'''

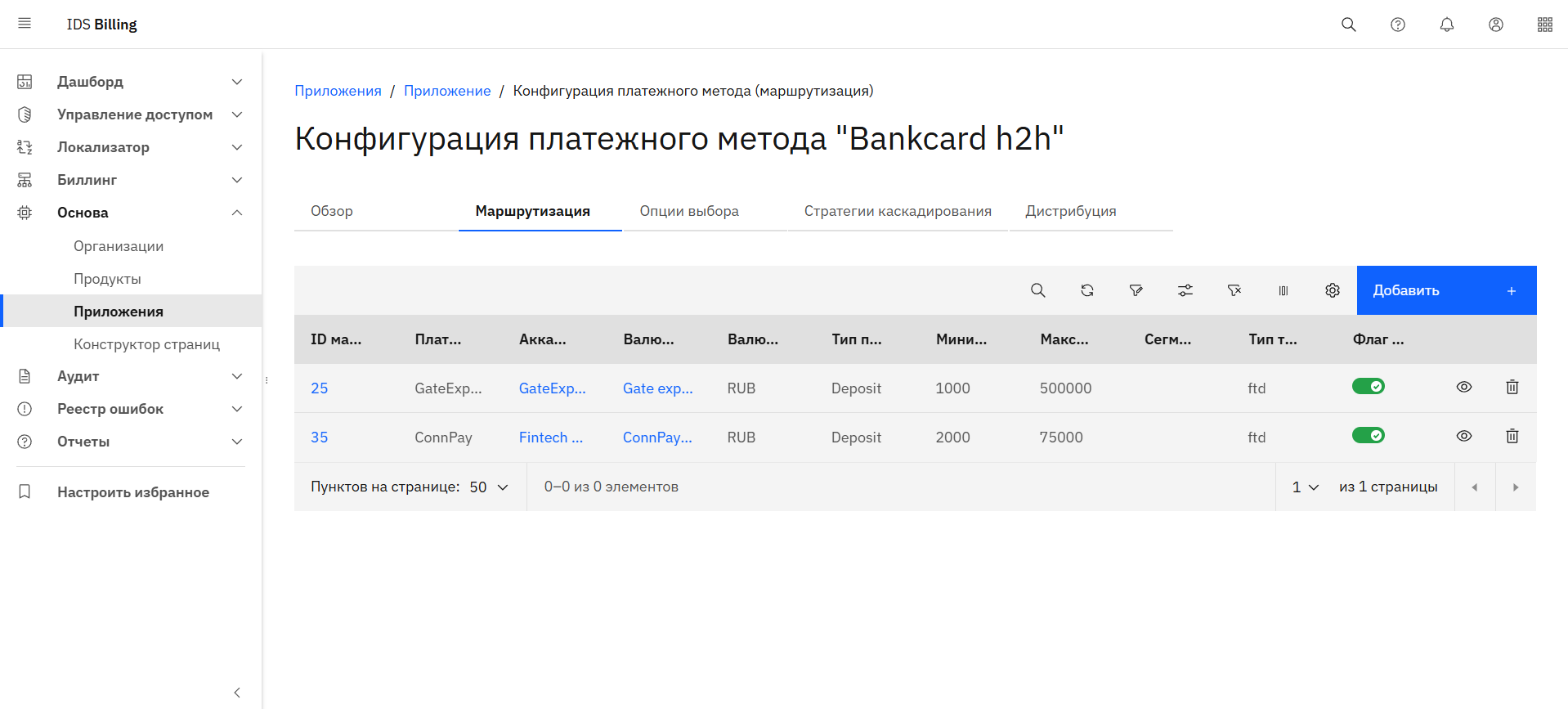 Во вкладке Маршрутизация в конфигурации платежного метода можно активировать/деактивировать конкретный маршрут способа оплаты (куда или откуда должны приходить деньги), а также посмотреть подробности уже настроенных маршрутов: ID маршрута платежного метода, платежную систему, аккаунт платежной системы, валютный счет, валюту, тип платежного метода, минимальное значение, максимальное значение.
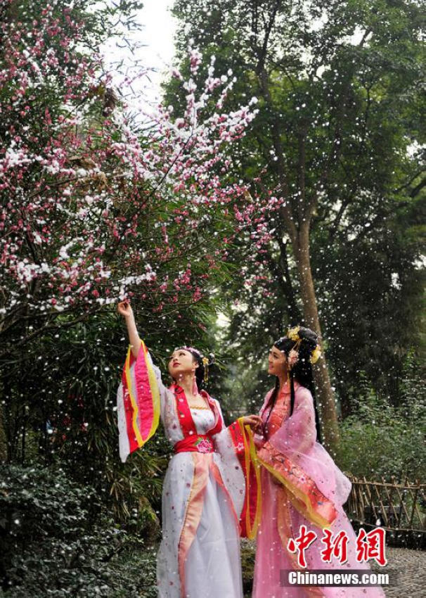 Two girls in ancient costumes enjoy themselves amidst the plum blossoms at Du Fu's Thatched Cottage in Chengdu, southwest China's Sichuan province. The blooming flowers have attracted many tourists to come and enjoy the natural beauty. (CNS/An Yuan)
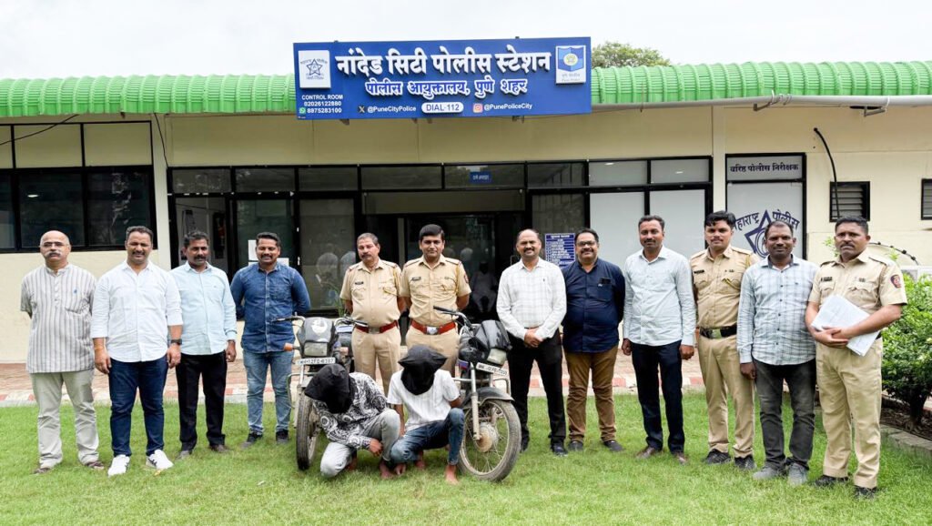 त्यानंतर पोलिसांनी सापळा लावून दोघांना अटक केली. चौकशीत त्यांनी दुचाकी चोरीची कबुली दिली. त्यांच्याकडून दोन दुचाकी जप्त करण्यात आल्या आहेत. ही कारवाई पोलीस उपायुक्त संभाजी कदम, सहाय्यक पोलीस आयुक्त अजय परमार यांच्या मार्गदर्शनाखाली नांदेड सिटी पोलीस ठाण्याचे वरिष्ठ पोलीस निरीक्षक अतुल भोस, पोलीस निरीक्षक (गुन्हे) गुरुदत्त मोरे, सहाय्यक पोलीस निरीक्षक राहुल यादव, पोलीस अंमलदार मोहन मिसाळ, शिवा क्षीरसागर, राजू वेगरे, उत्तम शिंदे, स्वप्नील मगर, निलेश कुलथे, भिमराज गागुर्डे, प्रतिक मोरे, अक्षय जाधव, संग्राम शिनगारे, सुदाम वावरे आणि सतिश खोत यांनी केली.
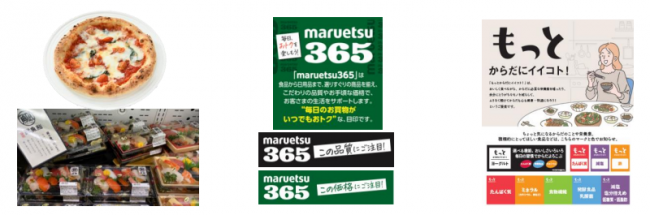 鮮度や味にこだわった「鮮魚鮨」や、高温で焼き上げた「窯焼ピッツァ」を販売する。焼きたてのパンは 、パーカーサンドや調理パンの品揃えを強化し、オフィスワーカー需要に対応する。さらに自信を持って選び抜いた商品を、「maruetsu365」として食品から日用品まで各売場で展開する。こだわりの品質の商品は「黒」お手頃な価格の商品は「緑」のPOPを目印として分かりやすく展開する。おいしく食べながら、からだに必要な栄養素を摂ったり余分にとりがちなモノを減らすことを提案するため、「もっとからだにイイコト!」をアイコンに売場を展開する。また 、食物アレルギー対応商品もPOPで案内する。
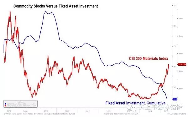 上图蓝色是非常有特色的固定资产投资增速,红色还是沪深300指数。中国经济非常依赖固定资产投资,在自由落体的同时,我们看到沪深300一路高歌猛进。
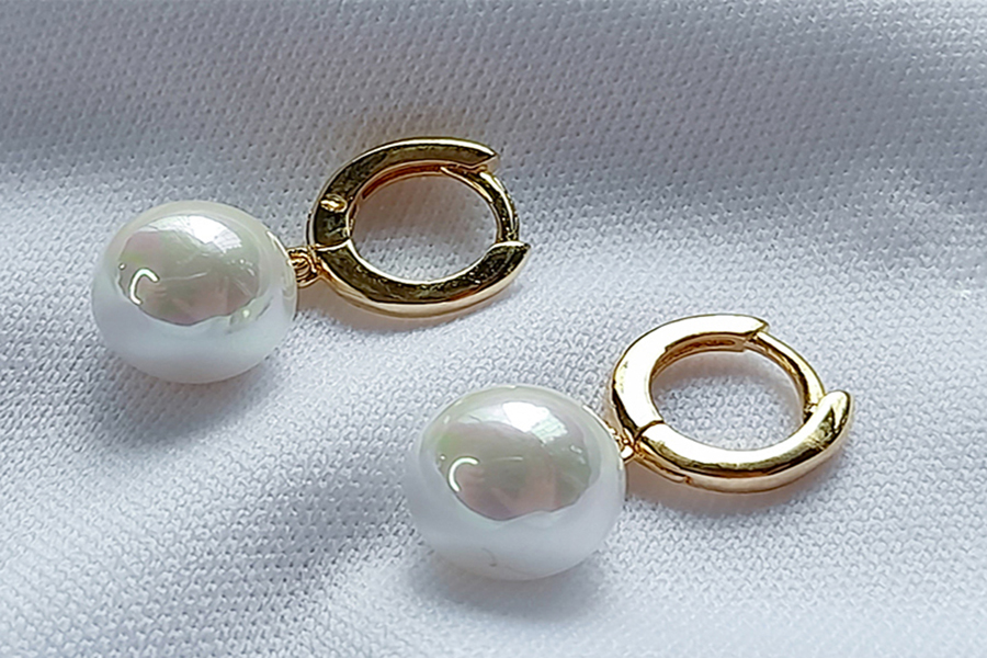 BRINCO BANHADO EM OURO, PÉROLA SHELL 6mm, LINHA TRADICIONAL

'''

Task item >> Set down the complete material exactly, but do not include the images.

Output for this task >>
 Во вкладке Маршрутизация в конфигурации платежного метода можно активировать/деактивировать конкретный маршрут способа оплаты (куда или откуда должны приходить деньги), а также посмотреть подробности уже настроенных маршрутов: ID маршрута платежного метода, платежную систему, аккаунт платежной системы, валютный счет, валюту, тип платежного метода, минимальное значение, максимальное значение.
 Two girls in ancient costumes enjoy themselves amidst the plum blossoms at Du Fu's Thatched Cottage in Chengdu, southwest China's Sichuan province. The blooming flowers have attracted many tourists to come and enjoy the natural beauty. (CNS/An Yuan)
 त्यानंतर पोलिसांनी सापळा लावून दोघांना अटक केली. चौकशीत त्यांनी दुचाकी चोरीची कबुली दिली. त्यांच्याकडून दोन दुचाकी जप्त करण्यात आल्या आहेत. ही कारवाई पोलीस उपायुक्त संभाजी कदम, सहाय्यक पोलीस आयुक्त अजय परमार यांच्या मार्गदर्शनाखाली नांदेड सिटी पोलीस ठाण्याचे वरिष्ठ पोलीस निरीक्षक अतुल भोस, पोलीस निरीक्षक (गुन्हे) गुरुदत्त मोरे, सहाय्यक पोलीस निरीक्षक राहुल यादव, पोलीस अंमलदार मोहन मिसाळ, शिवा क्षीरसागर, राजू वेगरे, उत्तम शिंदे, स्वप्नील मगर, निलेश कुलथे, भिमराज गागुर्डे, प्रतिक मोरे, अक्षय जाधव, संग्राम शिनगारे, सुदाम वावरे आणि सतिश खोत यांनी केली.
 鮮度や味にこだわった「鮮魚鮨」や、高温で焼き上げた「窯焼ピッツァ」を販売する。焼きたてのパンは 、パーカーサンドや調理パンの品揃えを強化し、オフィスワーカー需要に対応する。さらに自信を持って選び抜いた商品を、「maruetsu365」として食品から日用品まで各売場で展開する。こだわりの品質の商品は「黒」お手頃な価格の商品は「緑」のPOPを目印として分かりやすく展開する。おいしく食べながら、からだに必要な栄養素を摂ったり余分にとりがちなモノを減らすことを提案するため、「もっとからだにイイコト!」をアイコンに売場を展開する。また 、食物アレルギー対応商品もPOPで案内する。
 上图蓝色是非常有特色的固定资产投资增速,红色还是沪深300指数。中国经济非常依赖固定资产投资,在自由落体的同时,我们看到沪深300一路高歌猛进。
 BRINCO BANHADO EM OURO, PÉROLA SHELL 6mm, LINHA TRADICIONAL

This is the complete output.